If I am wrong, I am sure someone more experienced will correct me


----------



## umber (Feb 15, 2009)

Lumpy said:


> Have you considered getting her a friend? I work long hours and have three bunnies. They play together, snuggle up and groom each other and I know they aren't lonely when I am at work. They're still affectionate with me when I am home but I think they get the best of both worlds.
> 
> From memory I think bunnies are social animals so may get lonely if they spend the majority of their time alone.
> 
> If I am wrong, I am sure someone more experienced will correct me


Great idea but then you have the issue of bonding them which can be a bit tricky!


----------



## kellyrich (Jan 8, 2009)

I would definitely consider getting another bun as she must be very lonely if she only sees you for 20 mins a day and sometimes not at all. Cant you give her free run of the room she is in?

If its easier you can get a rescue to do the bonding for you then its no hassle for you


----------



## frags (Feb 5, 2009)

hiya
if she is in a spare bedroom can you not bunny proof that room and close the door and let her run free in there all day with some toys, cardboard boxes and other little tunnel etc? she would be very happy with that.
my buns are outdoor buns but they get to go in the run for 3-4 hours each that has balls and boxes in and they love it.
tracey


----------



## xkeeleyx (Apr 3, 2009)

yes i have considered buying another one to keep her company, but when i went to the petshop she sed it may be difficult for them to bond. lily is quite large not and she does sometimes try to hump my oldest cat and the rabbit in the petshop was so tiny so was scared of her hurtin it. any tips on bonding 2 rabbits then?? would i want 2 girls and or a boy?


----------



## mimi g (Mar 10, 2009)

I think there is a rabbit rescue in Barnsley, so not to far from you. They will bond them for you and you can get a bunny the right age and size that has been neutered and had all its injections!

Look on here

Rabbit Rehome - Adopt an unwanted bunny from a rescue centre

xx


----------



## scosha37 (Feb 24, 2008)

No i dont think you are....

good advise from others.. welldone everyone...:thumbsup:


----------



## kellyrich (Jan 8, 2009)

xkeeleyx said:


> yes i have considered buying another one to keep her company, but when i went to the petshop she sed it may be difficult for them to bond. lily is quite large not and she does sometimes try to hump my oldest cat and the rabbit in the petshop was so tiny so was scared of her hurtin it. any tips on bonding 2 rabbits then?? would i want 2 girls and or a boy?

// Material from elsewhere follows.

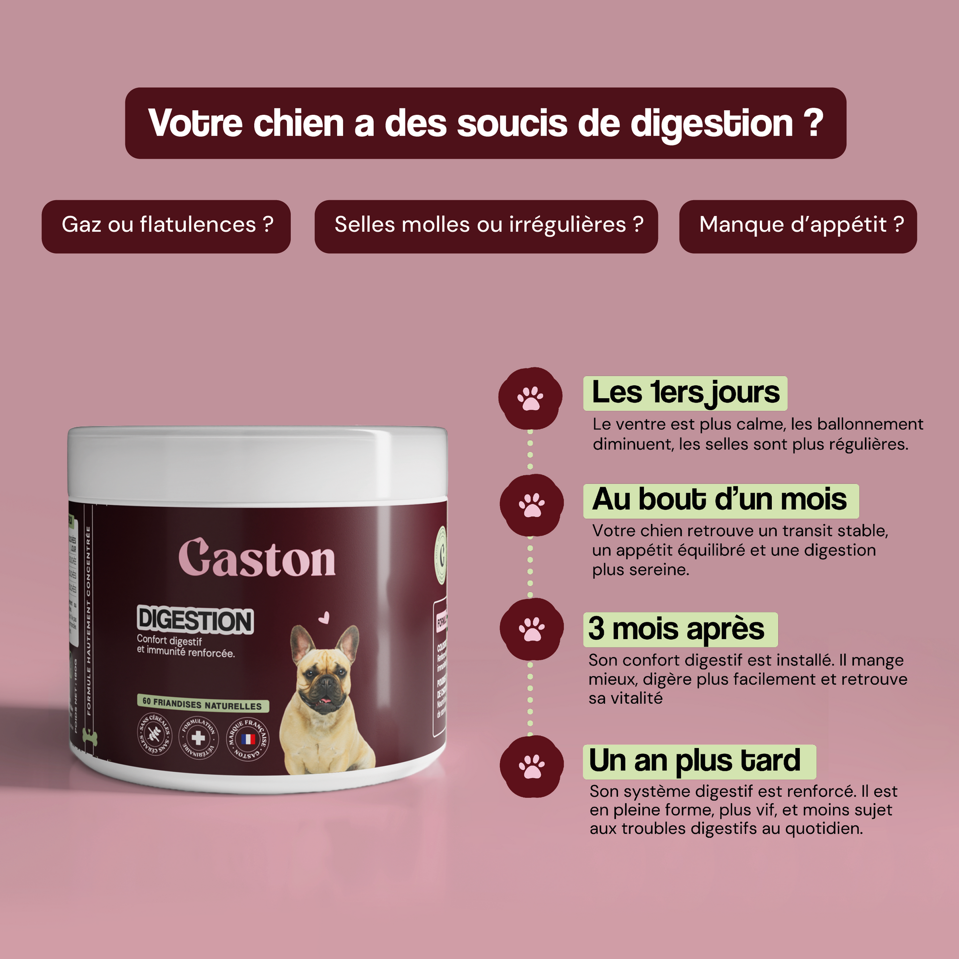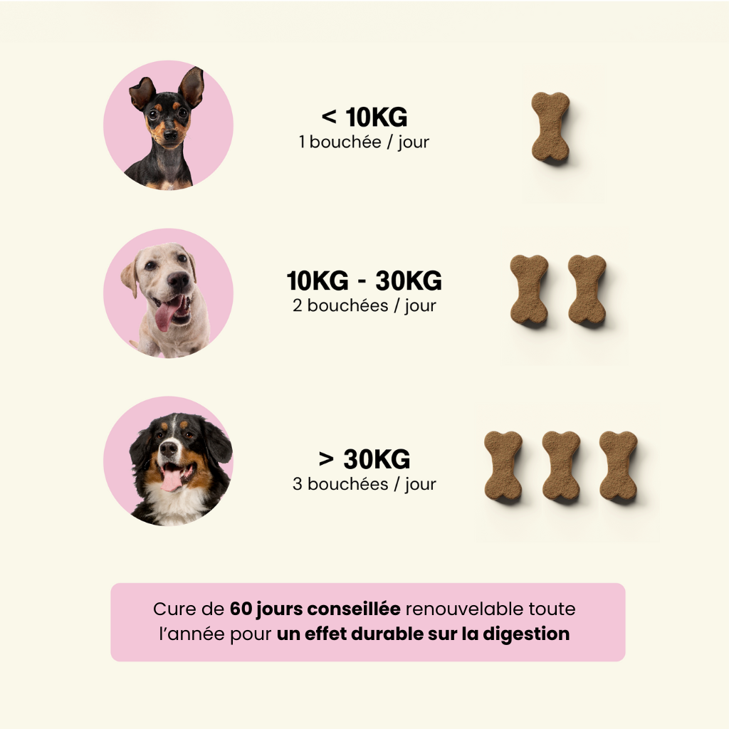 Votre chien retrouve un transit stable, un appetit équilibré et une digestion plus sereine.

You would be better with girl and a boy to be honest!!

Sometimes its diffuclt but with two of mine it was love at first sight. As i said earlier and as Mimg has said if there is a rescue near you they will do it for you and find the perfect bun. But if you do it yourself you need to intriduce them on neutral territory where none of them have been before and slowly introduce them for say 3o mins at a time, unless of course it is love at first sight. There will probably be humping and scuffles but you shoudl only interere if they lock onto each other and run round in circles holding onto each other with their teeth! But sometimes you can never get a bond to work unfortunately!!


----------



## xkeeleyx (Apr 3, 2009)

descision made: im goin 2 either adopt another bunny or buy one, this will keep lily company when im not there!! thanks 4 ur advice..


----------



## crofty (May 2, 2008)

You sound a lovely person but to keep a bun in her hutch all the time im afraid is not good  if you get her a friend they still need lots of exercise time, most rescues wont rehome to someone that does not allow their rabbit a recommended 7 hours exercise a day.

2 of my buns have a whole garage and the other two are in the garage with a 6ft hutch ontop of a 4ftx6ft run and they still go out most days all day if the weather is ok.

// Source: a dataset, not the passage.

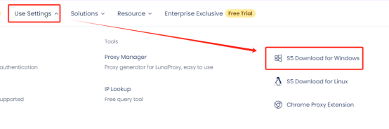 Log in to lunaproxy official website, and click Usage Settings →S5 Download to download automatically.

Is your frenchie neutered?


----------



## Aud's_Mum (Aug 4, 2008)

xkeeleyx said:


> descision made: im goin 2 either adopt another bunny or buy one, this will keep lily company when im not there!! thanks 4 ur advice..


They still need the exercise hun, keeping them cooped up in a hutch all day isn't fair at all for them  I'm sure you love your bun very much, but if you want whats best for her then you need to look at alternative accomodation. Keeping two in the hutch is only adding to the problem.

Also, I wouldnt buy one as how do you know they are going to get on? If they dont what will you do with the 2nd bun?


----------



## freckles (May 8, 2008)

hiya....yes it can be hard to introduce a new rabbit, we have a hutch outside and the rabbit 'Patch' has a huge run and is free in it everyday, when her partner ''frostie'' died 2 years ago,she started to pull her fur out, so we bought her a ''new friend'' another female ''faline' they got on really well, but about 6 months ago Faline dug out of the run and we have not been able to catch her (not easy when you live in the middle of a national park with 120 acres and no fences) but yesterday daughter finaly caught her and put her back in with Patch...huge fight!! Patch will no longer accept her, so Faline is back out, luckily we have a barn and she gets under the door and lives in there most of the time.....


----------



## funnybunny (Apr 4, 2009)

When I got my little boy Theo I was really worried about leaving him on his own while I was at work ( I work very long shifts) So I got him a girlfriend Violet. It was a bit of a night mare at first because he was just a baby and had just been neutered so they were both in seperate cages until they coulod be put together i would let one out at a time and they would go and say hello to each other. when i finally could put them together Violet moved into theos pad and they have been the best of buddies since. I come in from work and they are snuggled up to each other and when they are out they lie next to each other flat out soooo cute ! I think your bun defs needs a house mate! x


----------